Suárez returning to the Cincinnati Reds wasn’t some late twist or leverage play — it was always the gravity well pulling this process. Familiar city. Familiar clubhouse. Familiar ballpark. A place where he had his best years, his longest relationships, and where the expectations fit exactly what he wanted from a one-year “prove it” deal. That context matters. A lot.
Multiple reports indicated the Pirates were right there financially — matching the AAV and even showing willingness to stretch beyond it. That’s not “halfway.” That’s being in the race until the player simply chose the place he already preferred.
Sometimes, free agency really is that simple. Not every loss is an indictment.
If the Pirates are valuing players properly, they can't expect to get deals done with higher-level free agents, says @Ken_Rosenthal.

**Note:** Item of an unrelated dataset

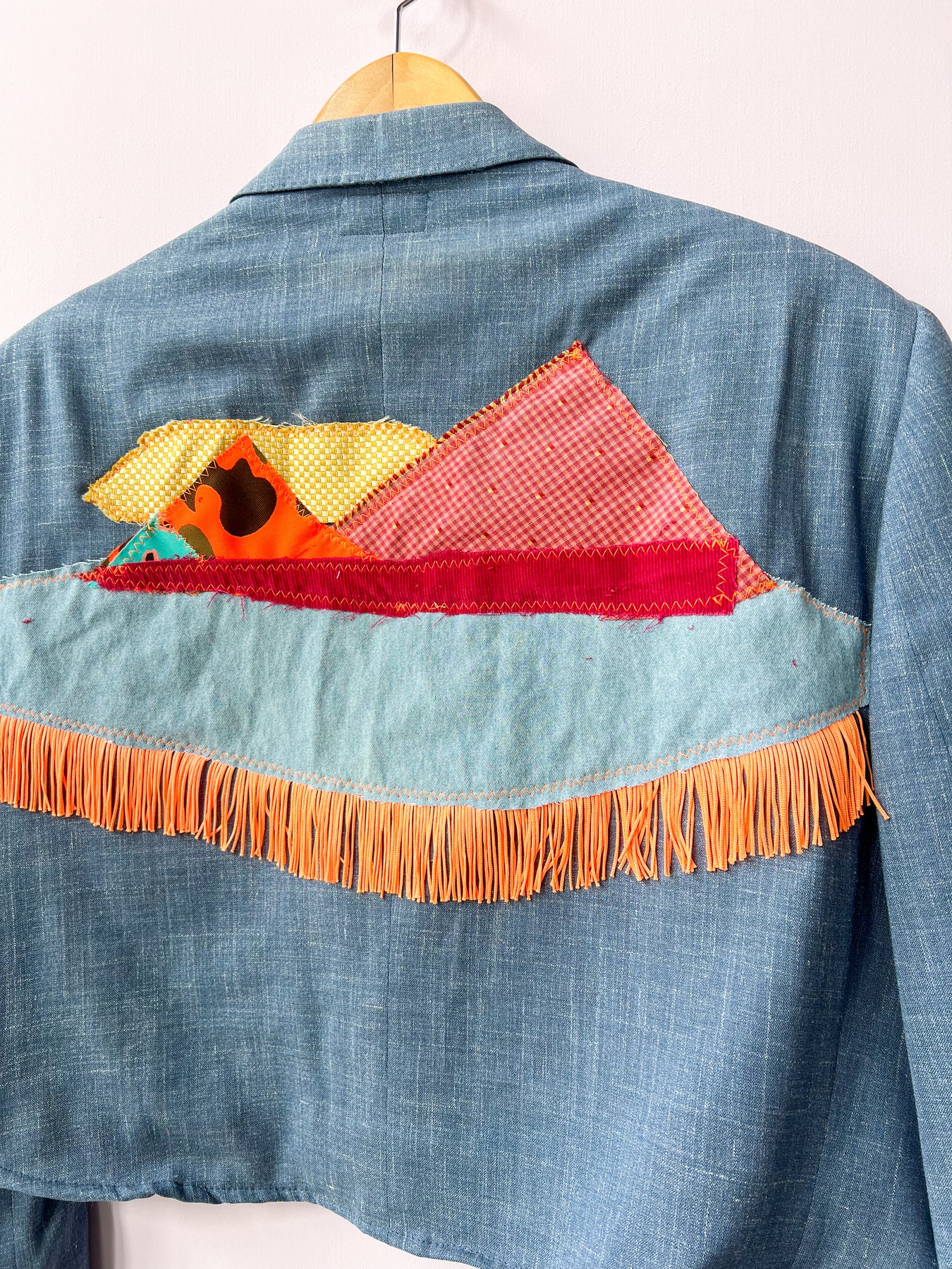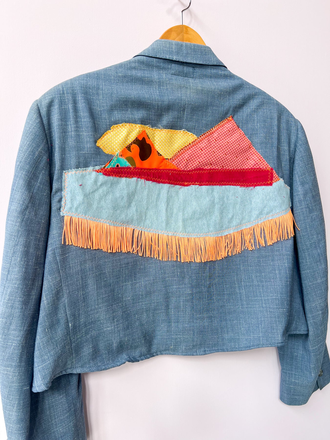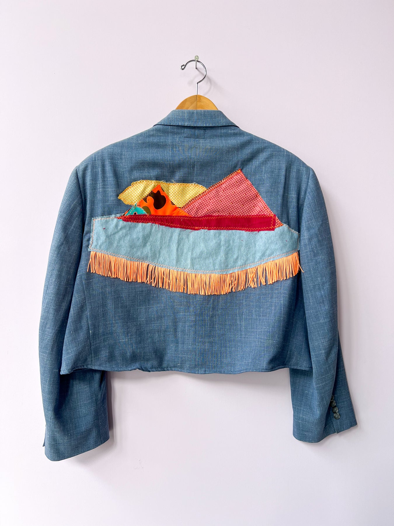 Upcycled from a blazer headed for the landfill and utilizes excess fabric from past projects. This is a true sustainable garment!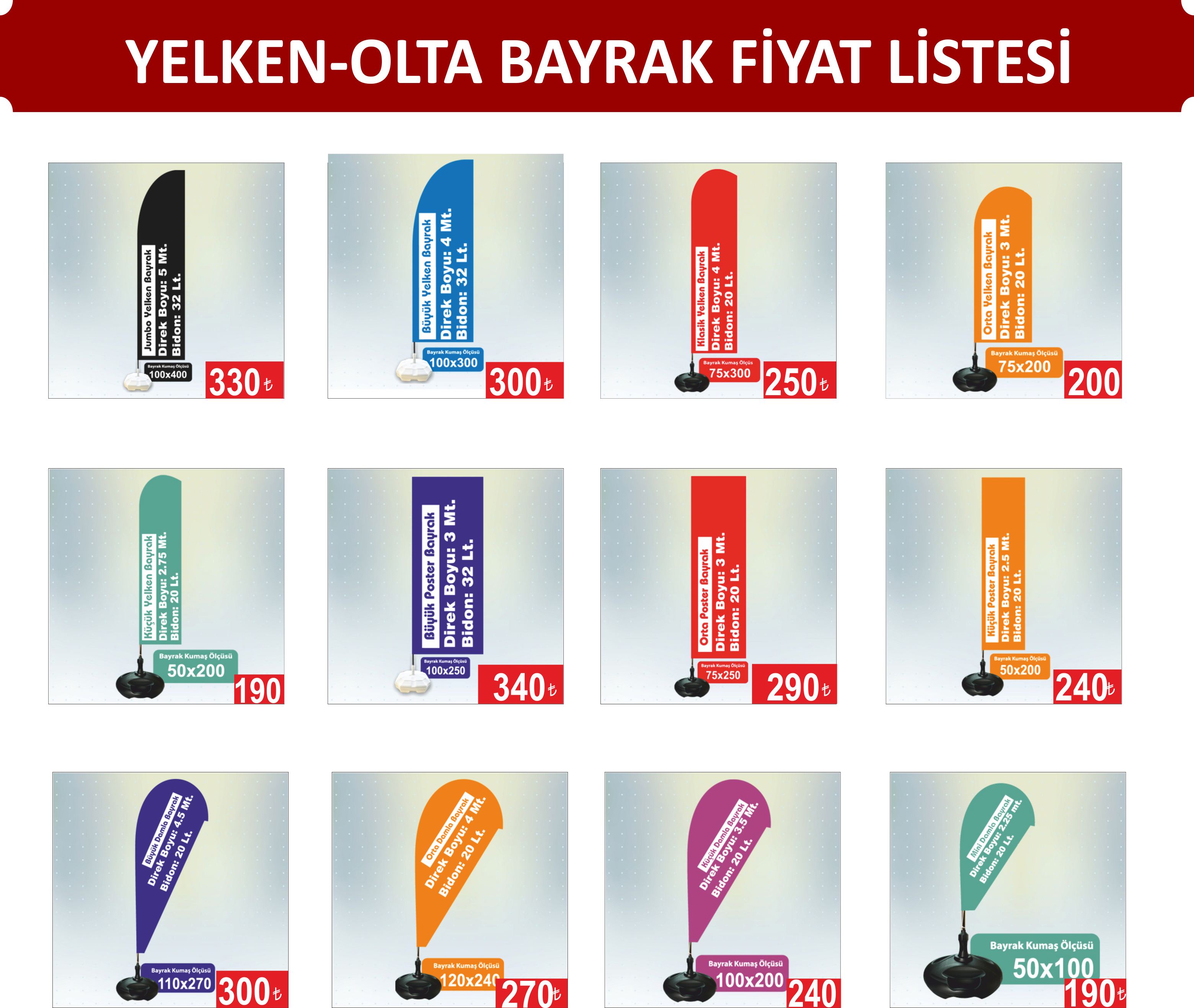 Olta bayrak kategorisi içinde Vertikal Bayrak, Japon Bayrak, Yelken Bayrak, Plaj Bayrak ve Damla Bayrak da bulunmaktadır. Talebe göre bu saydığımız tüm bayrak çeşitlerini üretebilmekteyiz

— Foul Territory (@FoulTerritoryTV) February 3, 2026
"If you're going to play in this arena, then don't kind of do it halfway." pic.twitter.com/XcHMkz9evB
Pirates' failure to land Eugenio Suárez isn't as black-and-white as it seems
Rosenthal’s quote works better in the abstract than in this specific case. Yes, there are situations — Kyle Schwarber being the obvious example — where the Pirates likely needed to blow past their comfort zone to compensate for market realities. That criticism holds water.
But flattening the Suárez situation into the same bucket is lazy. There's a difference between losing a player because you won't cross a financial threshold and losing a player because you're competing against familiarity and personal comfort.
No reasonable overpay short of outright irresponsibility was going to outweigh Suárez’s desire to reunite with Cincinnati for a short-term reset. And at some point, throwing extra millions at a player who’s already made up his mind isn’t bold — it’s just bad process.
The idea that the Pirates are only allowed two modes — cheap or reckless — is a false binary that national commentary keeps falling back on. Smart teams still have to draw lines. Even small-market ones, and even desperate ones.
The Pirates can (and should) be criticized when they hide behind valuation as an excuse not to engage at all. But in this case, they did engage. They offered real money. They showed flexibility. They stayed in the mix until the decision stopped being about dollars.
Rosenthal’s broader point about half-measures has merit. This just wasn’t the example to prove it. Sometimes, a team doesn’t lose because it failed to act boldly. Sometimes, it loses because the player already knew where he wanted to be. And pretending otherwise might be the laziest take of all.